Congress-SP: A tale of chequered ties
Congress-SP: A tale of chequered ties
The ties between Sonia Gandhi and Mulayam Singh Yadav have been strained since 1999, when the latter raised the foreign origin issue to stall her attempts at forming the govt.

New Delhi: The Presidential poll 2012 isn't the first time the Congress and the Samajwadi Party (SP) have been caught in a confrontation. In fact, Sonia and Mulayam share strained ties since 1999. Within hours of Sonia claming majority in 1999 after the collapse of the Atal Behari Vajpayee-led NDA government, Mulayam raised the foreign origin issue to stall her.

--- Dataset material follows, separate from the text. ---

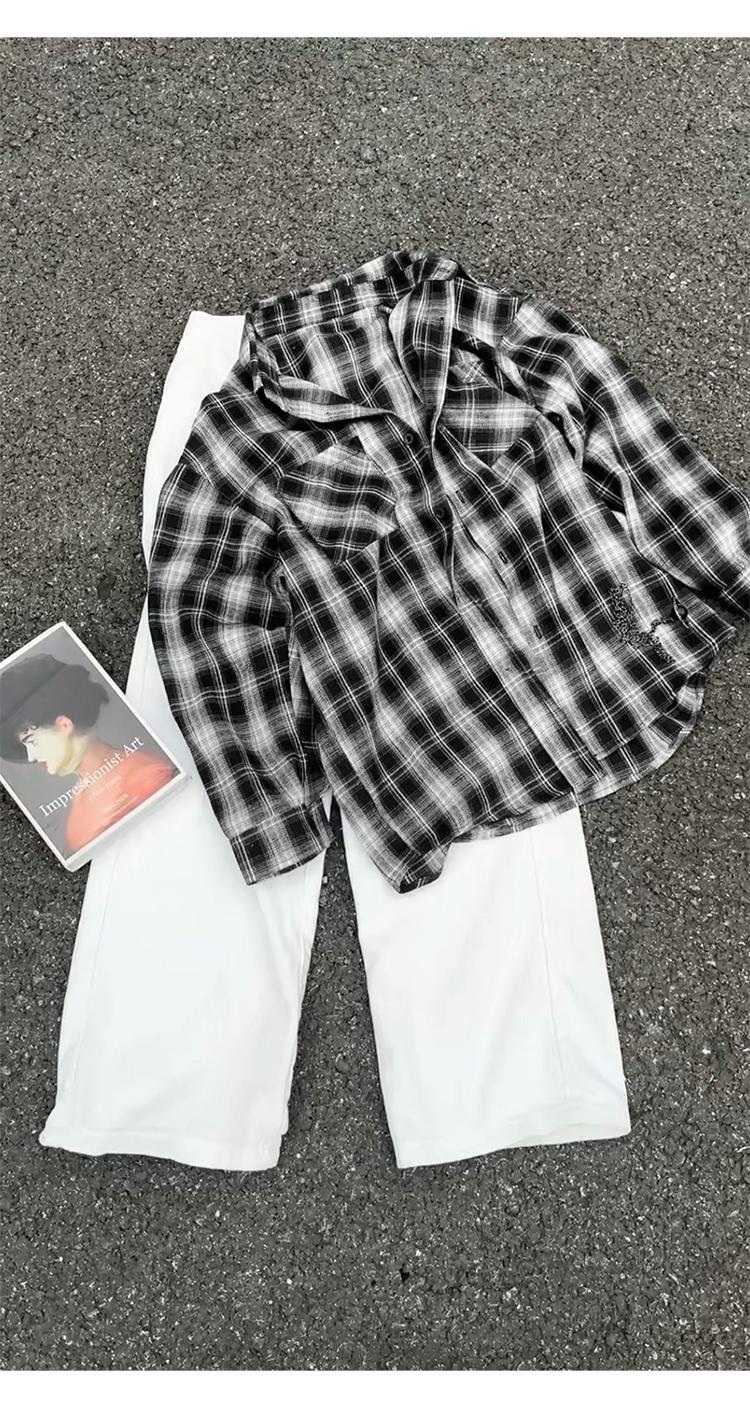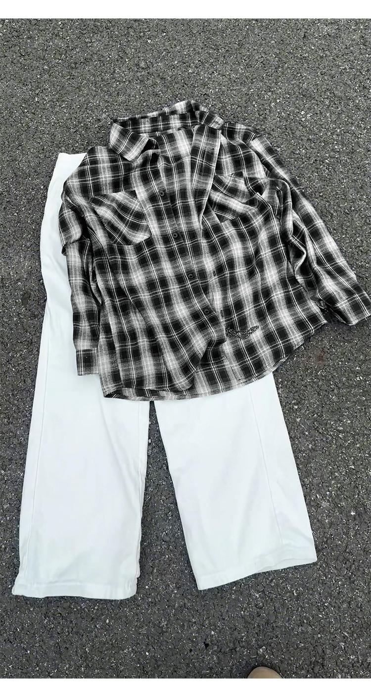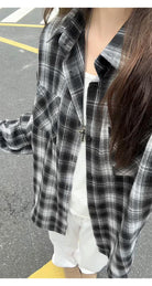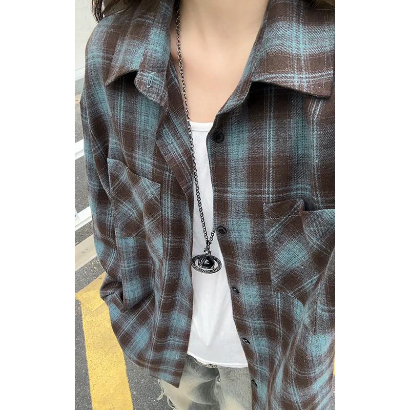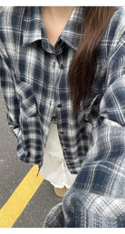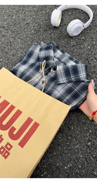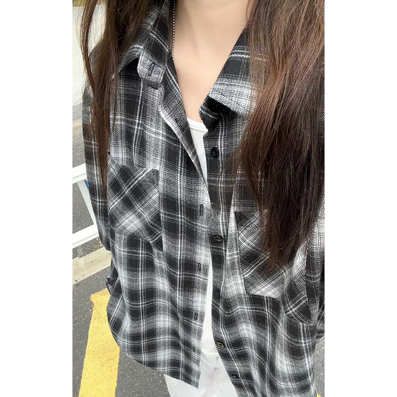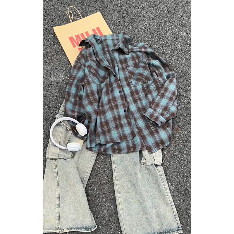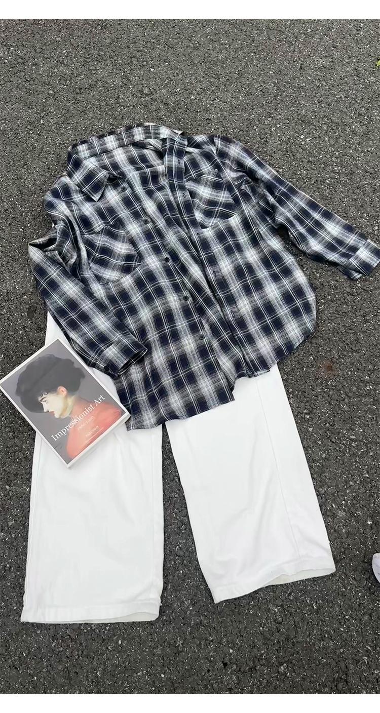 【YS2147】秋季新款格子翻領時尚長袖襯衫外套舒適大碼襯衫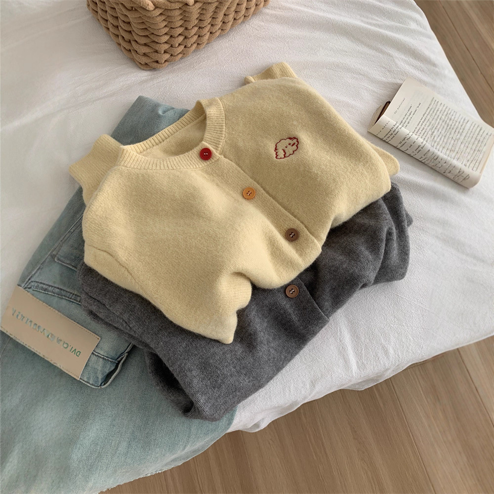 温柔复古减龄小狗刺绣彩扣圆领针织开衫女2025秋季小个子毛衣外套

The mistrust bred by this one incident continues to guide the Samajwadi Party and the Congress relationship to date. With Mulayam teaming up with Mamata Banerjee to announce a parallel panel of three candidates for President polls, including the Prime Minister, the real candidate though is former president APJ Abdul Kalam.

Forced to sit outside the government in UPA-I with a block of 40 MPs, Mulayam, it seems, was waiting for the right moment to get even. He did not find a place even in UPA-II, and had to face defeat of his daughter-in-law, Dimple Yadav at the hands of Congress in Firozabad by-elections in 2009.

Now with a confortable majority in the UP Assembly, he is no longer dependent on Congress.

So in the President poll, teaming up with Mamata, he has propped up Kalam's name again, knowing fully well that candidature of the former president would be well received in the NDA.

Simultatinoulsy, he has still not closed all doors of negotiations with the UPA.

If Mulayam feels, as does Mamata, that an early poll would help them reap rich electoral dividends, they will force a contest in President poll. Both are banking on increasing their tally in the next Lok Sabha.

Mualyam will also be keeping an option of negotiating with the Congress and leaving Mamata in the lurch.